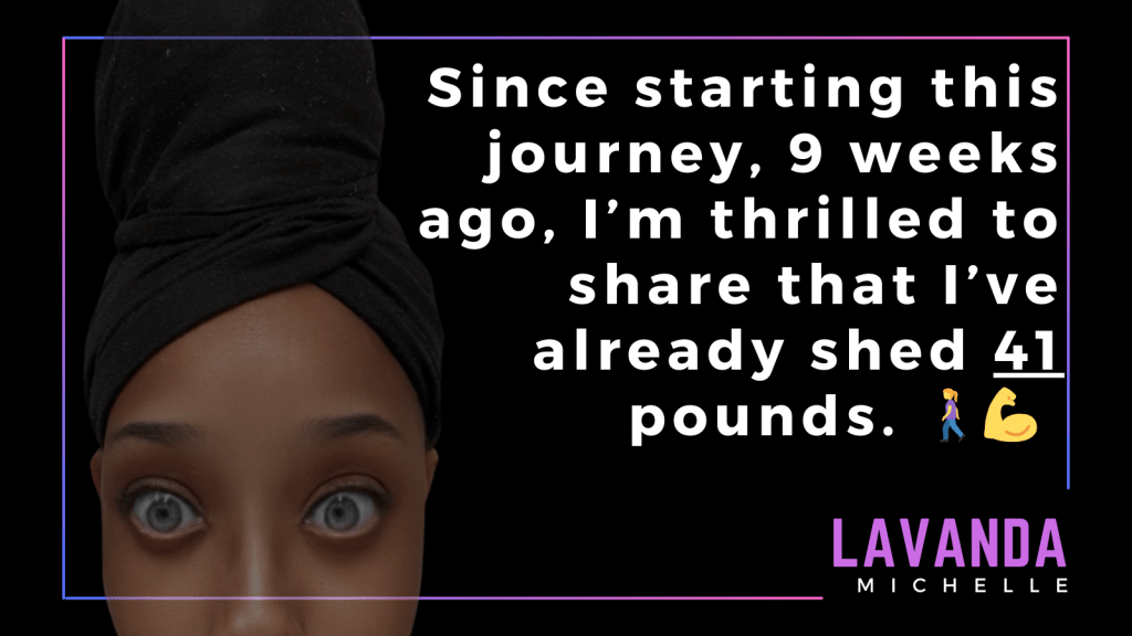 Hello everyone, Lavanda Michelle here, and I’m super excited to share my Week 9 health journey update with you all. Your ongoing support has been nothing short of amazing, and I couldn’t have made it this far without you! When I started this journey, I was hesitant to share it, but now I’m so glad I did. The positivity and encouragement I’ve received from this community have truly made a difference.
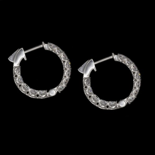 These stunning lab grown diamond huggie hoops have a classic design and vibrant, lively sparkle! Set with 2.57 carats of lively lab grown diamonds, these earrings display eye catching sparkle, and a striking look! The elegant in and out design allows for maximum sparkle from the front. These classic earrings are impressive and elegant enough for a special occasion, but simple enough for everyday wear.
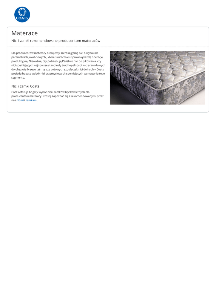 Materace Nici i zamki rekomendowane producentom materaców Dla producentów materacy oferujemy szeroką gamę nici o wysokich parametrach jakościowych , które skutecznie usprawnią każdą operację produkcyjną. Nieważne, czy potrzebują Państwo nici do pikowania, czy nici spełniających najnowsze standardy trudnopalności, nici aramidowych do obszycia brzegu taśmą, czy gotowych szpuleczek nici dolnych – Coats posiada bogaty wybór nici przemysłowych spełniających wymagania tego segmentu. Nici i zamki Coats Coats oferuje bogaty wybór nici i zamków błyskawicznych dla producentów materacy. Proszę zapoznać się z rekomendowanymi przez nas nićmi i zamkami. Numer ściegu 1 504 2 301 Rodzaj ściegu Produkt Łączenie kołnierza Ultimax lub Epic lamówki do lub Dual Duty pikówki (504 or 401) Stębnowanie rozpórki zagłówka Więcej Ultimax lub Epic lub Dual Duty Więcej Danfield lub Gral Więcej Ultimax lub Epic lub Dual Duty Więcej Doszycie uchwytu (301) Epic lub Star Więcej Obszycie Protos lub Protos Fil lub Epic lub Kieszenie na 3 4 401x2 401 sprężyny materaca (401x2) Przyszycie przodu buta (fartucha) do noska (301) 5 6 301 401 brzegu taśmą (401) Dual Duty lub Star Więcej Premium Nici przemysłowe Coats dostępne są w szerokiej gamie rodzajów włókien i wykończeń, z których każdy opracowany jest pod kątem konkretnych potrzeb naszych klientów. Zapraszamy do zapoznania się z naszą bogatą ofertą poniżej. W przypadku dostępności innych opcji, proszę wybrać odpowiednią opcję z listy. Wygląd szwu Rodzaj ściegu Numer ściegu Górna nitka Dolna nitka Produkt Tex Tkt Produkt Tex Tkt 1 Łączenie kołnierza lamówki do pikówki (504 or 401) 504 Ultimax lub Epic lub Dual Duty 60 lub 40 lub 40 50 lub 80 lub 75 Ultimax lub Epic lub Dual Duty 60 lub 40 lub 40 50 lub 80 lub 75 2 Stębnowanie rozpórki zagłówka 301 Ultimax lub Epic lub Dual Duty 40 lub 40 lub 40 80 lub 80 lub 75 Nymo lub Epic lub Dual Duty 40 lub 40 4 lub 5 lub 80 lub 75 401x2 Danfield lub Gral 50 lub 35 lub 40 60 lub 80 Danfield lub Gramax 35 90 401 Ultimax lub Epic lub Dual Duty 60 lub 60 lub 45 50 lub 50 lub 60 Ultimax lub Epic lub Dual Duty 60 lub 60 lub 45 50 lub 50 lub 60 301 Epic lub Star 80 lub 45 40 lub 60 Epic lub Star 80 lub 45 40 lub 60 401 Protos lub Protos Fil lub Epic lub Dual Duty lub Star 40 lub 50 lub 45 lub 105 lub 120 lub 80 lub 70 lub 45 75 lub 60 lub 70 lub 30 lub 25 lub 36 lub 40 lub 60 Protos lub Protos Fil lub Epic lub Dual Duty lub Star 40 lub 50 lub 45 lub 105 lub 120 lub 80 lub 70 lub 45 75 lub 60 lub 70 lub 30 lub 25 lub 36 lub 40 lub 60 Kieszenie na sprężyny materaca (401x2) Przyszycie przodu buta (fartucha) do noska (301) 3 4 5 Doszycie uchwytu (301) 6 Obszycie brzegu taśmą (401) Key: Nierozdzielczy = Nierozdzielczy; Rozdzielczy = Rozdzielczy; Dwustronnie rozdzielczy = Dwustronnie rozdzielczy; Dwustronnie nierozdzielczy = Dwustronnie nierozdzielczy; X-Forma / O-Forma Opti P Zastosowanie Opti RT Opcje specjalne Otwór/Wlot/Zapięcie Opti S Opcje specjalne Opcje specjalne P60 CE Wymienny RT10 OE Reversed, Metalizowana, Lurex, Z nadrukiem S80 CC FlameMaster, Jumbo P60 CC Wymienny RT10 CC Reversed, Metalizowana, Lurex, Z nadrukiem S80 OE FlameMaster, Jumbo S60 OE Reversed, Wymienny, Z nadrukiem, Znaczenia, FlameMaster, Jumbo - - - - - - - - S60 CC Reversed, Wymienny, Z nadrukiem, Znaczenia, FlameMaster, Jumbo - - - - S40 CC Reversed, Jumbo Suwaki Możemy wykonać indywidualną przywieszkę z logo twojej firmy. Bag Non-lock S40 NEVRESIM NFG bw Fulda Drop Non-lock Bulle Non-lock Body Non-lock Opcje specjalne Ponieważ rodzaje produktów i warunki zastosowania nici znacznie się między sobą różnią, Coats ani jego poszczególne oddziały nie mogą zagwarantować jednolitych rezultatów. Niniejsze zalecenia udzielone są w dobrej wierze, jednak bez gwarancji i odpowiedzialności ze strony firmy lub jej pracowników. Nie możemy zagwarantować, że produkt jest odpowiedni do określonego zastosowania. Klienci zawsze powinni przeprowadzić własne testy. W przypadku wątpliwości prosimy o odwołanie się do warunków użytkowania serwisu.
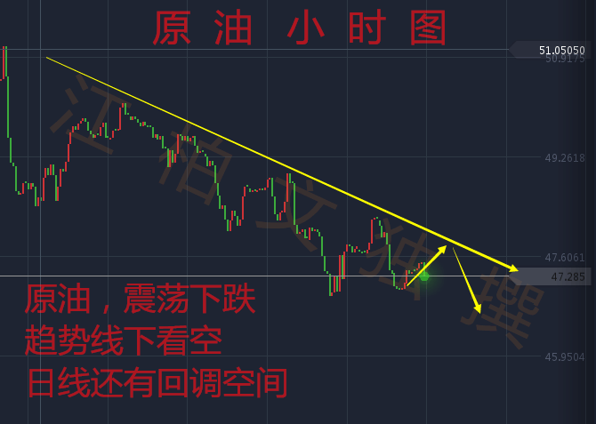 原油,调整从52开始算到现在47,跌幅也不小,刚开始日线大跌后还反弹,上周则从50开始震荡下跌,小时线和日线已经有了趋势下跌的雏形,连接上周高点50.3-49.1,阻力刚好就是昨天高点48.4位置,不过当时中东四国宣布与卡塔尔断交,导致小时线拉升比较急,当时选择了避开这波上升,所以后续错过了空单,不过整个从上周50.3开始的下降趋势还在,现在操作依然围绕趋势线来进行,实时布局联系江柏文微-信jbw135,另外昨天反弹48.4下跌,美盘没有刷新上周低点,日线虽然收阴,但空头压制没有那么强,这一点值得注意,空头后期,到了由空转多的时候,往往就是从这里开始的,短线依然看日线高点阻力做空,因为周线压制相对较强,所以正常来说,这周应该还有下跌空间;日内走势,美国原油48空,止损48.5,目标47!
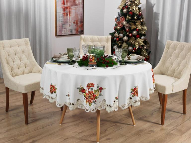 Toalha de Mesa Natal com Bordado Richelieu Redonda 175cm - Celebrare Natural - Dui Design

**********

What the task requires:
Every line from the start of the material through the line containing "These stunning lab" is needed exactly as written; the pictures are not.

Response:
 Hello everyone, Lavanda Michelle here, and I’m super excited to share my Week 9 health journey update with you all. Your ongoing support has been nothing short of amazing, and I couldn’t have made it this far without you! When I started this journey, I was hesitant to share it, but now I’m so glad I did. The positivity and encouragement I’ve received from this community have truly made a difference.
 These stunning lab grown diamond huggie hoops have a classic design and vibrant, lively sparkle! Set with 2.57 carats of lively lab grown diamonds, these earrings display eye catching sparkle, and a striking look! The elegant in and out design allows for maximum sparkle from the front. These classic earrings are impressive and elegant enough for a special occasion, but simple enough for everyday wear.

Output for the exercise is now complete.